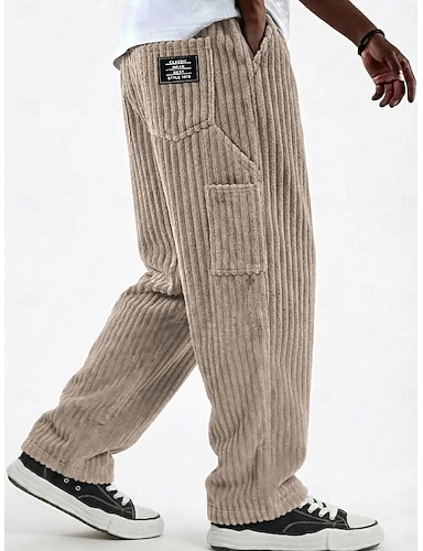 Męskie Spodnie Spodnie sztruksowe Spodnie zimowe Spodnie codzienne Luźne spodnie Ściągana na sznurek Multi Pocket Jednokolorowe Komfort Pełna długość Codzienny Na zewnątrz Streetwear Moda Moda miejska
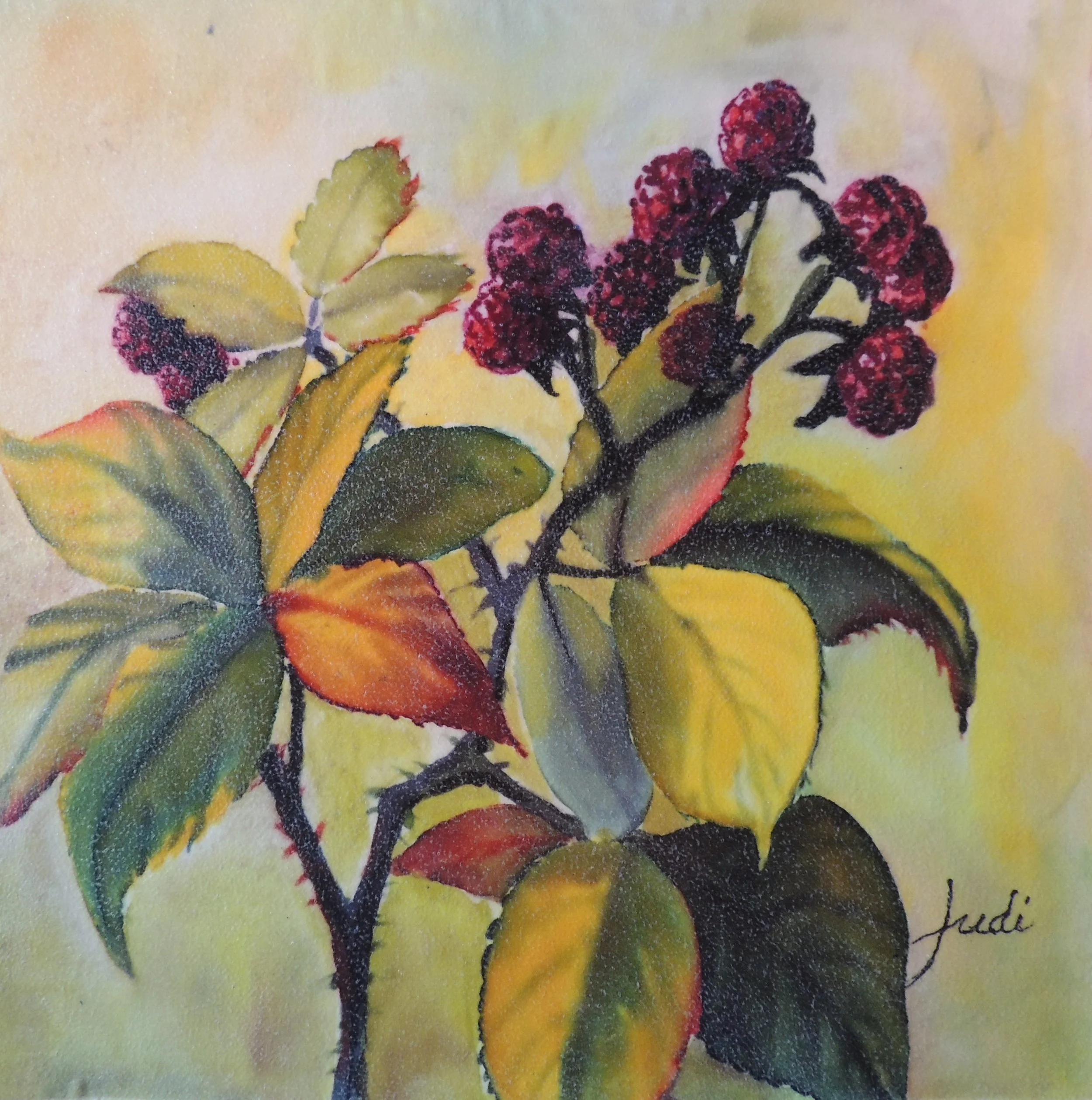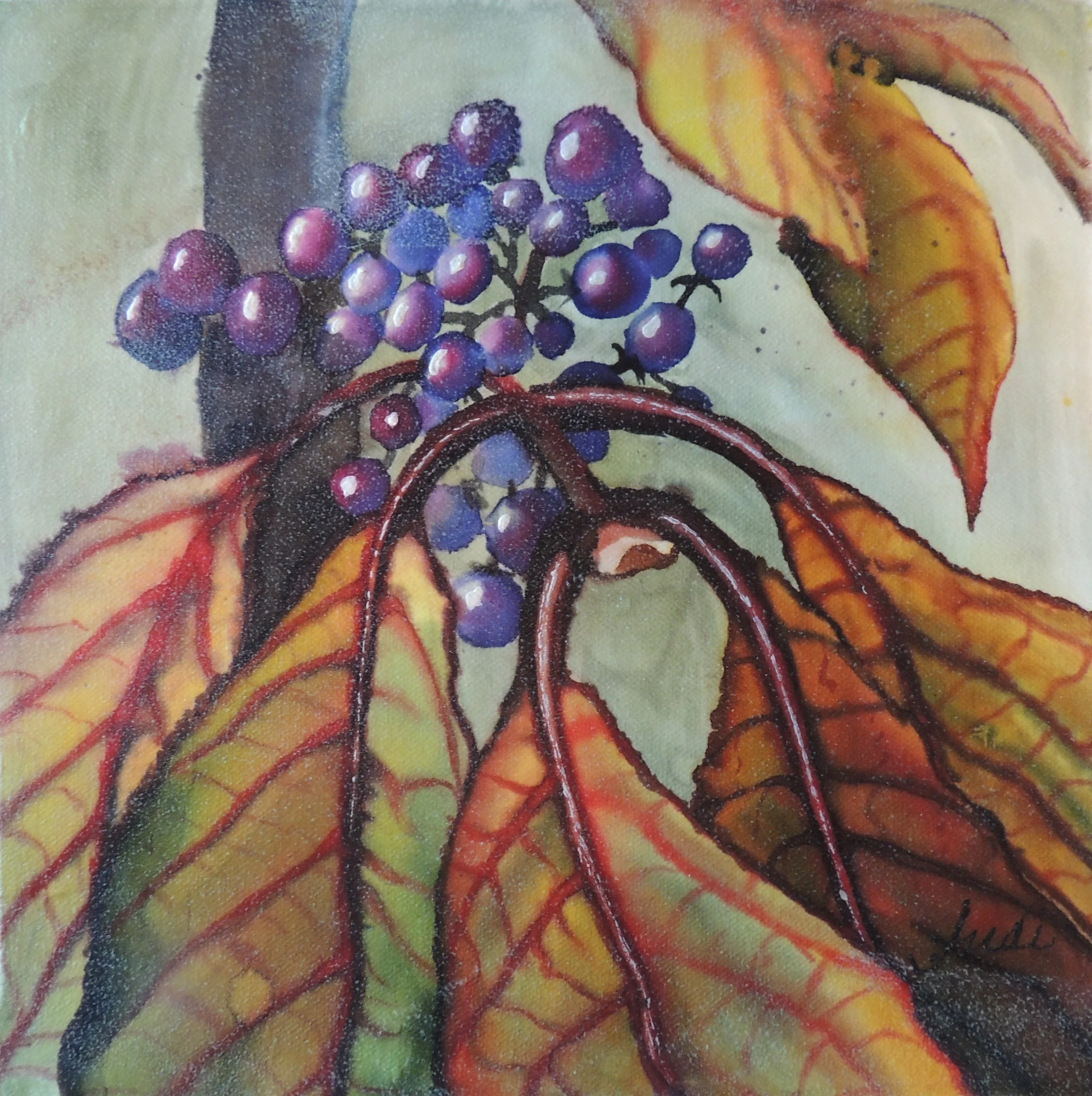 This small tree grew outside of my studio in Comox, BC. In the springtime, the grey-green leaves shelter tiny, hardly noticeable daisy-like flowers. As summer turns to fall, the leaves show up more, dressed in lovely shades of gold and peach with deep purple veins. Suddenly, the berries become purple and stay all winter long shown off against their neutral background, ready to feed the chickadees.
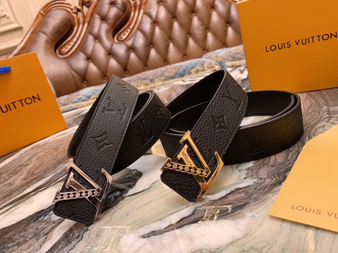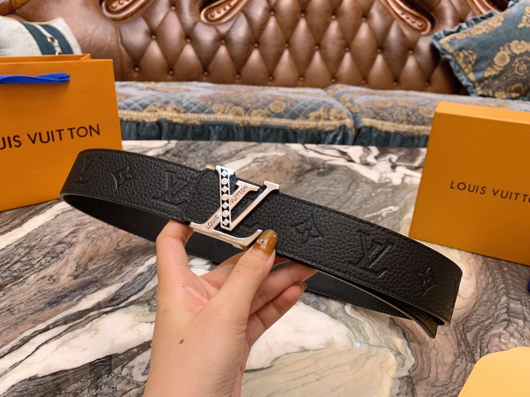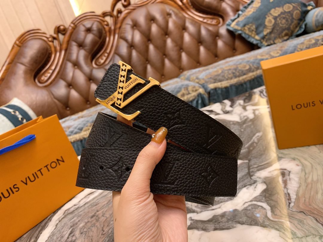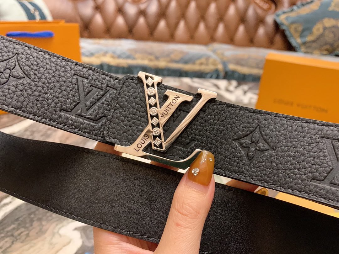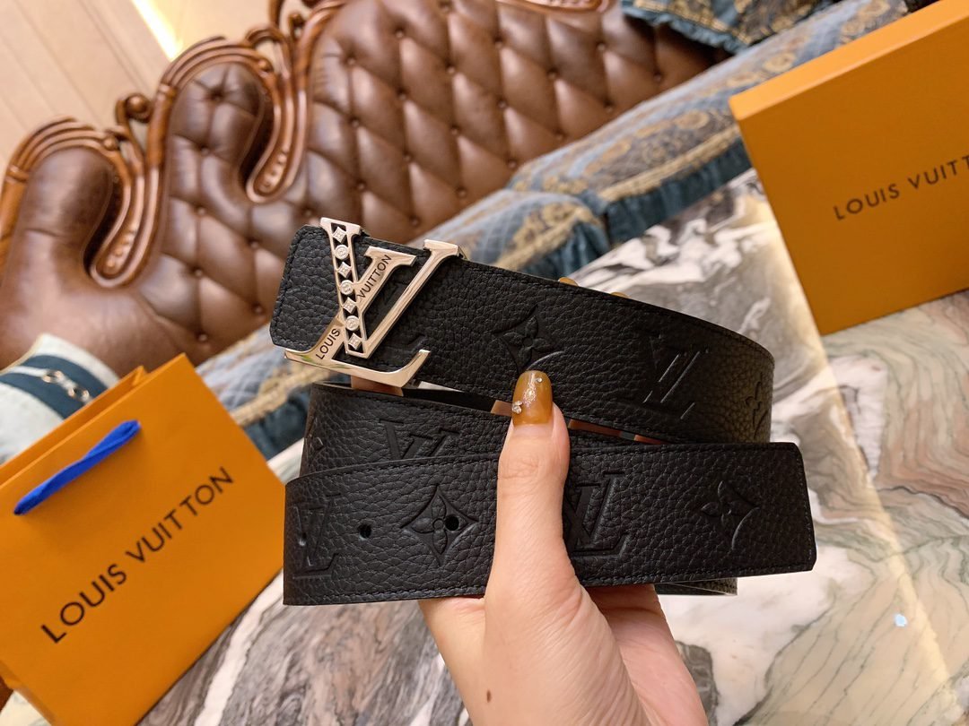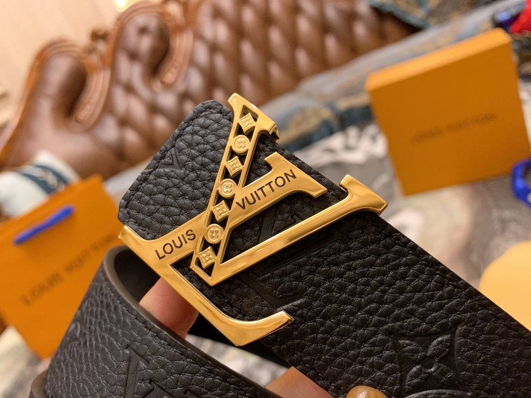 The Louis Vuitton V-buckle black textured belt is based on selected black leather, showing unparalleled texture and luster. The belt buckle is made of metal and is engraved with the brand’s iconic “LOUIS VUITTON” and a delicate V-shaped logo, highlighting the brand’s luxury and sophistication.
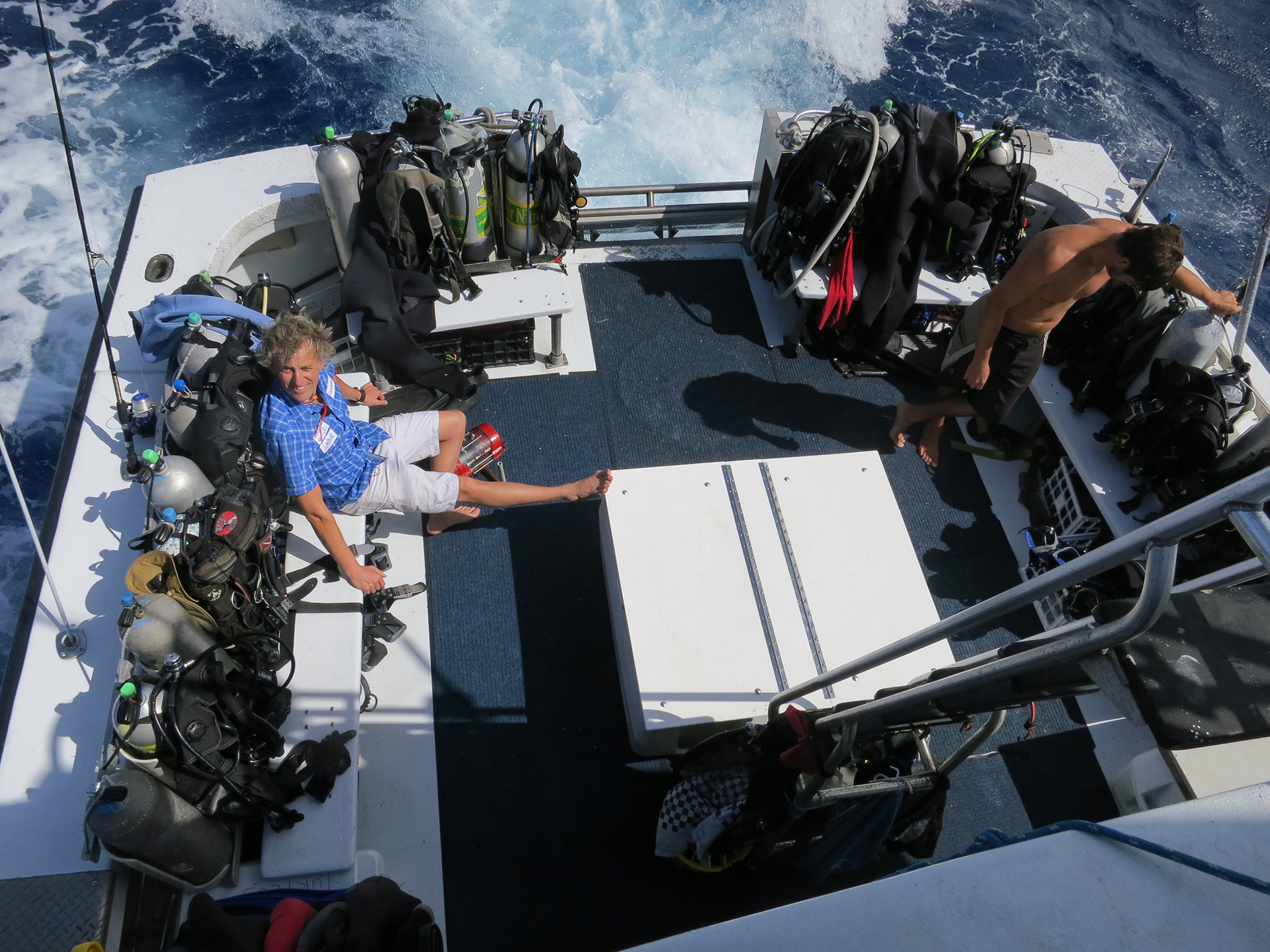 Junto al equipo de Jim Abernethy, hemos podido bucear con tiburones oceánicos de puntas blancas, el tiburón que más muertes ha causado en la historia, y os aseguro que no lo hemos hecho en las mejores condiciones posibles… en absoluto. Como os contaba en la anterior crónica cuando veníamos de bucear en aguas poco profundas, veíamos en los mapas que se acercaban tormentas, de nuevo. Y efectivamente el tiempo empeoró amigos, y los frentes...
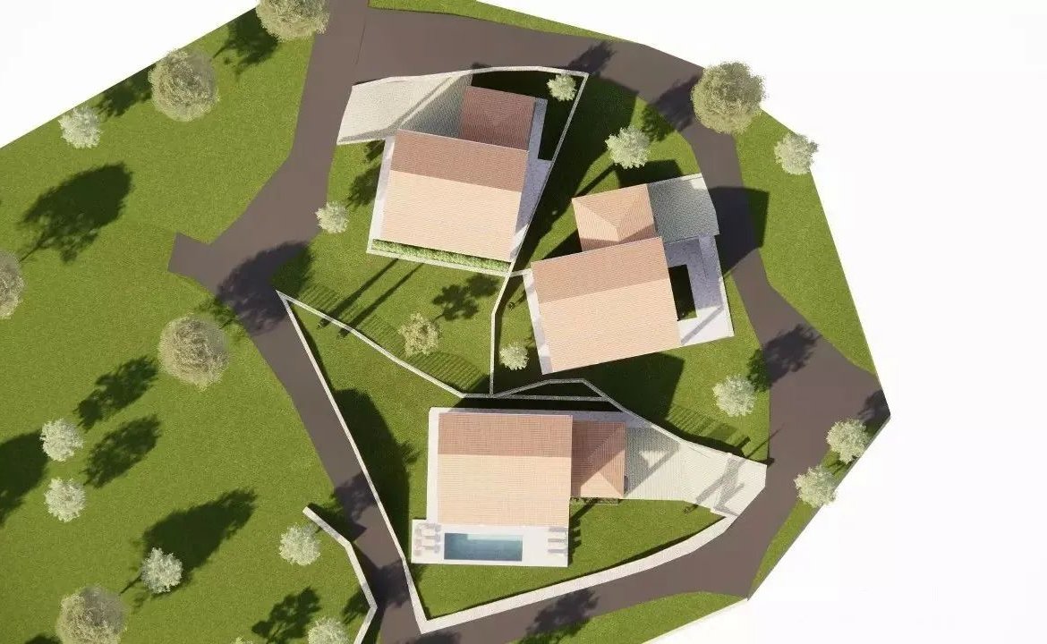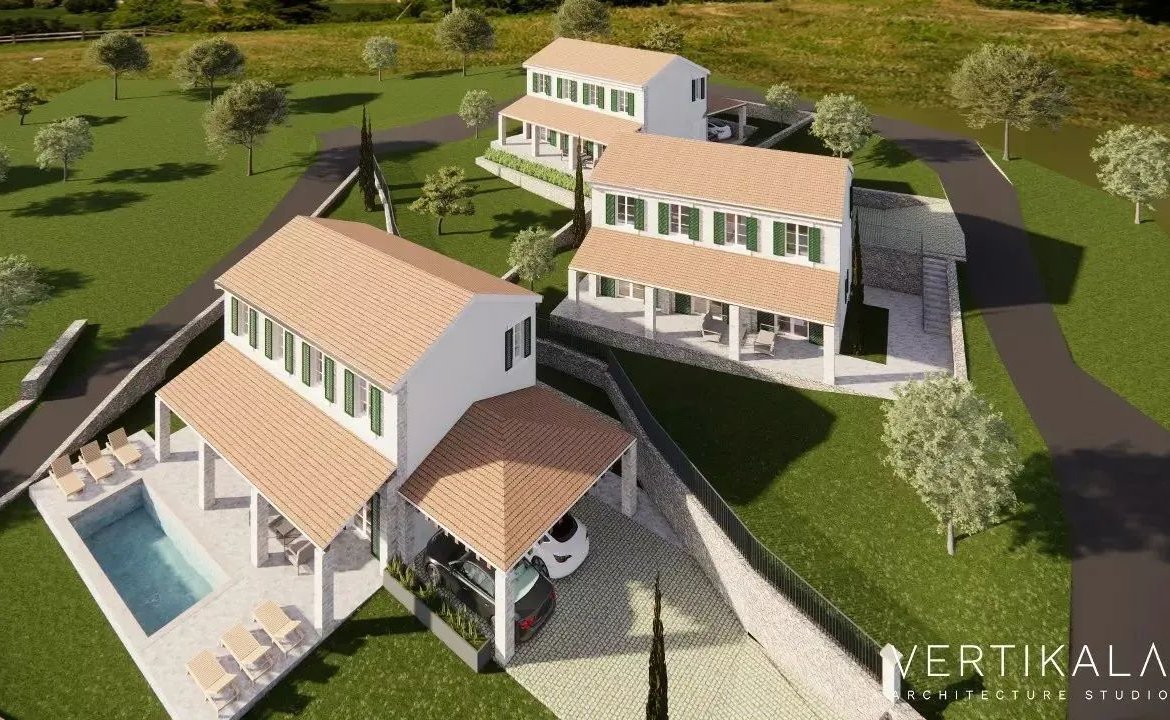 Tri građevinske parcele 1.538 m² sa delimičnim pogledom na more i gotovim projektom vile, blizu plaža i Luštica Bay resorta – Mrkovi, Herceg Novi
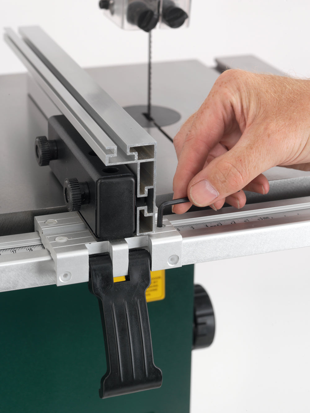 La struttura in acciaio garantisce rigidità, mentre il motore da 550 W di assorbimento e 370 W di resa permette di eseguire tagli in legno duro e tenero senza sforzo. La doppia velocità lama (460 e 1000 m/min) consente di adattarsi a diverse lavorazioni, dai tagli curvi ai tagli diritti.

::::::

» What to do
Each entry must be reproduced word for word, and any image among them left out.

» Result for this exercise
 Męskie Spodnie Spodnie sztruksowe Spodnie zimowe Spodnie codzienne Luźne spodnie Ściągana na sznurek Multi Pocket Jednokolorowe Komfort Pełna długość Codzienny Na zewnątrz Streetwear Moda Moda miejska
 This small tree grew outside of my studio in Comox, BC. In the springtime, the grey-green leaves shelter tiny, hardly noticeable daisy-like flowers. As summer turns to fall, the leaves show up more, dressed in lovely shades of gold and peach with deep purple veins. Suddenly, the berries become purple and stay all winter long shown off against their neutral background, ready to feed the chickadees.
 The Louis Vuitton V-buckle black textured belt is based on selected black leather, showing unparalleled texture and luster. The belt buckle is made of metal and is engraved with the brand’s iconic “LOUIS VUITTON” and a delicate V-shaped logo, highlighting the brand’s luxury and sophistication.
 Junto al equipo de Jim Abernethy, hemos podido bucear con tiburones oceánicos de puntas blancas, el tiburón que más muertes ha causado en la historia, y os aseguro que no lo hemos hecho en las mejores condiciones posibles… en absoluto. Como os contaba en la anterior crónica cuando veníamos de bucear en aguas poco profundas, veíamos en los mapas que se acercaban tormentas, de nuevo. Y efectivamente el tiempo empeoró amigos, y los frentes...
 Tri građevinske parcele 1.538 m² sa delimičnim pogledom na more i gotovim projektom vile, blizu plaža i Luštica Bay resorta – Mrkovi, Herceg Novi
 La struttura in acciaio garantisce rigidità, mentre il motore da 550 W di assorbimento e 370 W di resa permette di eseguire tagli in legno duro e tenero senza sforzo. La doppia velocità lama (460 e 1000 m/min) consente di adattarsi a diverse lavorazioni, dai tagli curvi ai tagli diritti.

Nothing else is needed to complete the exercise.